Meinungsfreiheit : Saudi-Arabien lässt Blogger Raif Badawi auspeitschen

Es ist wie ein Todesurteil auf Raten: Weil er den Islam beleidigt haben soll, erhielt Badawi 50 Peitschenhiebe. 950 weitere sollen folgen.
Die Al-Jafali-Moschee in Jeddah © Katharina Eglau

Den Anschlag auf das Pariser Satiremagazin Charlie Hebdo verurteilte Saudi-Arabien am Tag danach als "feigen Terrorakt, der gegen den wahren Islam verstößt". Doch 24 Stunden später exekutierte das ultrakonservative Königreich seine eigene Version des wahren Islam – und ließ den Blogger Raif Badawi vor der Al-Jafali-Moschee in Jeddah öffentlich auspeitschen. Er wurde verurteilt, weil er den Islam beleidigt und sich gegen die rechtmäßigen Autoritäten aufgelehnt haben soll.

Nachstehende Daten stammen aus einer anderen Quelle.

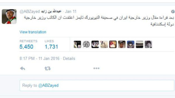 وأثارت تغريدة الشيخ عبدالله بن زايد حفيظة الموالين للحكومة الإيرانية وأشعلت نقاشا محتدما في مواقع التواصل الاجتماعي للناطقين بالفارسية، فانقسم المستخدمون بين مؤيد ومعارض للتغريدة، إلا أن الأغلبية أيدت بشكل مباشر وغير مباشر موقف الوزير الإماراتي، حيث اعتبرت تهكمه على نظيره الإيراني من خلال وصفه “كأنه وزير خارجية دولة اسكندنافية” جاء في محله على ضوء المقال الذي كتبه لفائدة “نيويورك تايمز”، مؤكدين أن ما قامت به الميليشيات المدنية الموالية للسلطة في الهجوم على سفارة المملكة العربية السعودية غير قابل للتبرير، معتبرين رد السعودية جاء نتيجة لأخطاء الجانب الإيراني.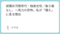 これは、私と母の「よくある母娘のしょーもない小競り合い」を見た叔母がちょっとカチンと来て私に対して言ってしまっただけで、叔母だけが悪いのではない。…という前置きをした上で、忘れられない出来事があります。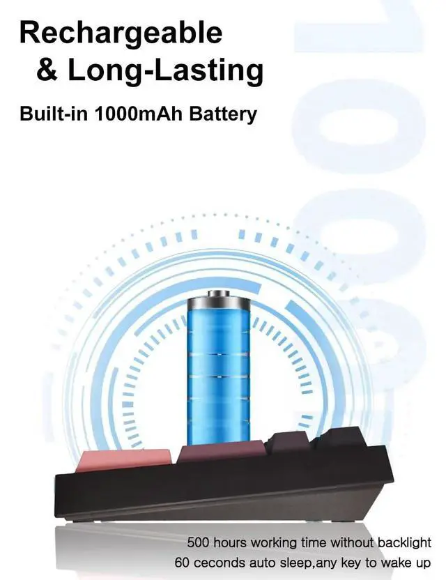 Rechargeable & Long-Lasting: With a high-capacity 1000mAh rechargeable battery, the number keypad can last up to 500 hours without backlight for one time charging. Power switch and auto sleep after 60 seconds for maximum power efficiency, press any key to wake up. The FN key blinks red to remind you of low battery.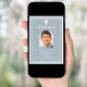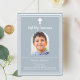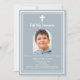 Blauer Hintergrund mit weißem Rahmen und weißem Kreuz Persönlich gestalten und ein Foto mit Details hinzufügen. Weißer Text. Bogenförmiger Rahmen aus Foto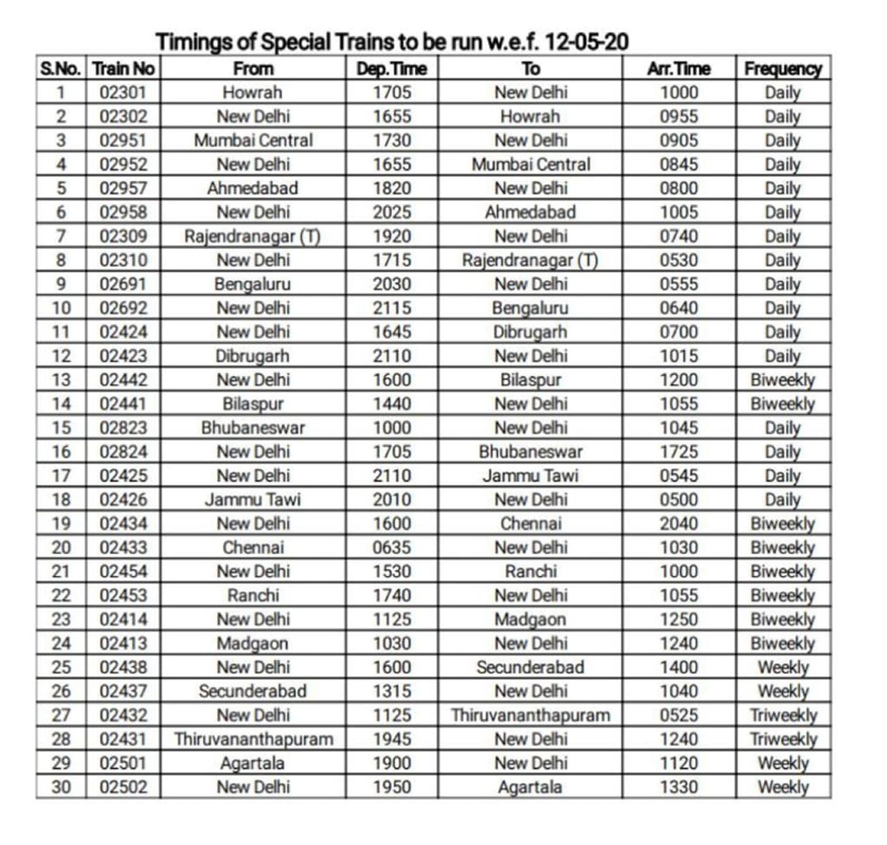 ഹൗറ, രാജേന്ദ്രനഗർ, ദിബ്രുഗഡ്, ജമ്മുതാവി, ബിലാസ്പുർ, റാഞ്ചി, മുംബൈ, അഹമ്മദാബാദ്, അഗർത്തല, ഭുവനേശ്വർ, മഡ്ഗാവ്, സെക്കന്തരബാദ് എന്നിവടങ്ങളിൽ നിന്നും ദില്ലിയിലേക്കും തിരിച്ചും സ്പെഷ്യൽ ട്രെയിനുകളുണ്ട്.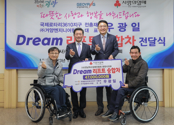 이날 전달식에는 정인화 광양시장, 우광일 ㈜거양엔지니어링 대표, (사)전남척수장애인협회 광양시지회 지회장 직무대행 송규향 부회장, 국제로타리 3610지구 및 (사)전남척수장애인협회 관계자 등이 참석했다.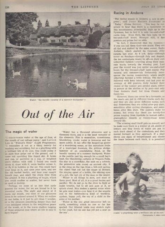 The Listener. Vol. LXXII No.1843 published on July 23, 1964 and containing, at page 126, the essay 'The magic of water' [ 1 page]. Original copy and first publication.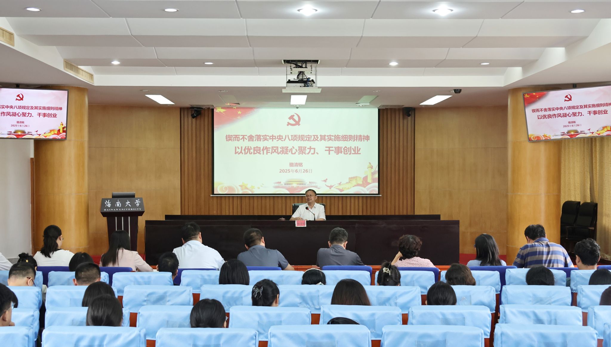 本站讯(记者 郑润泽 邰茜)6月26日上午,海南大学党委副书记、校长骆清铭在办公楼一楼报告厅以《锲而不舍落实中央八项规定及其实施细则精神 以优良作风凝心聚力、干事创业》为题讲授专题党课。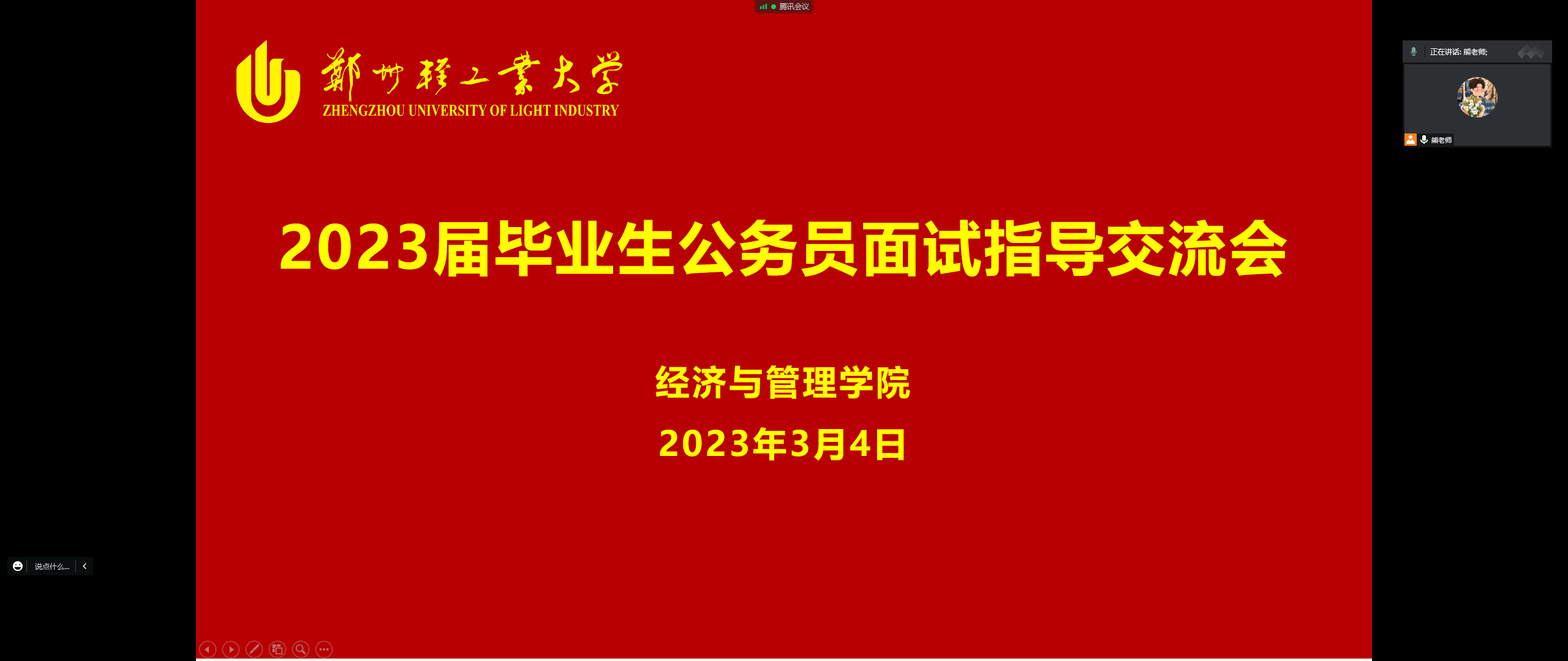 为进一步促进毕业生对公务员面试的了解,提升面试能力,掌握更多面试技巧,3月4日中午,经济与管理学院举办了2023届毕业生公务员面试线上指导交流会。学院就业专职辅导员、报考公务员的毕业生等100余人参加了会议。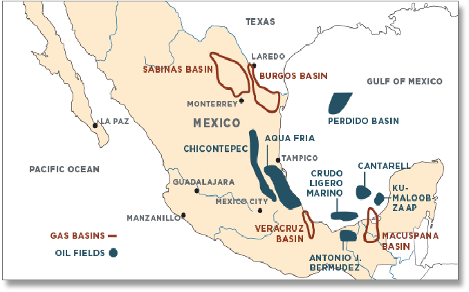 Onshore gas mostly comes from the onshore Burgos basin in the north and the southern region west of the Campeche Bay. Output is increasing as use is now being made of offshore gas in Campeche Bay that has in the past been flared or re-injected.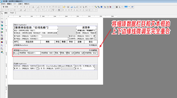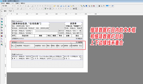 出現(xiàn)以上問題的原因是:在設(shè)計模版時,細項數(shù)據(jù)欄目內(nèi)的文本框超出了細項數(shù)據(jù)欄目區(qū)域,文本框上下邊緣線和細項數(shù)據(jù)欄目的上下邊緣線未完全重合。

50 Hiebe erhielt der 30-Jährige nach dem Freitagsgebet, wie Augenzeugen bestätigten. Der Geschlagene habe mit dem Rücken zu den Zuschauern gestanden und keinen Schmerzensschrei von sich gegeben. Insgesamt ist Badawi zu 1.000 Peitschenschlägen verurteilt, die nun in den nächsten 20 Wochen alle acht Tage vollzogen werden sollen – was einem Todesurteil auf Raten gleichkommt. 

Die Vereinigten Staaten hatten zuvor vergeblich an ihren engsten Verbündeten in der arabischen Region appelliert, diese unmenschliche, brutale und erniedrigende Körperstrafe auszusetzen. Badawi habe lediglich von seinem Recht auf Meinungsfreiheit und auf Religionsfreiheit Gebrauch gemacht, erklärte die Sprecherin des US-Außenministeriums, Jen Psaki. Reporter ohne Grenzen prangerte die Auspeitschung als barbarisch an. Amnesty International betrachtet Badawi als politischen Gefangenen aus Gewissensgründen.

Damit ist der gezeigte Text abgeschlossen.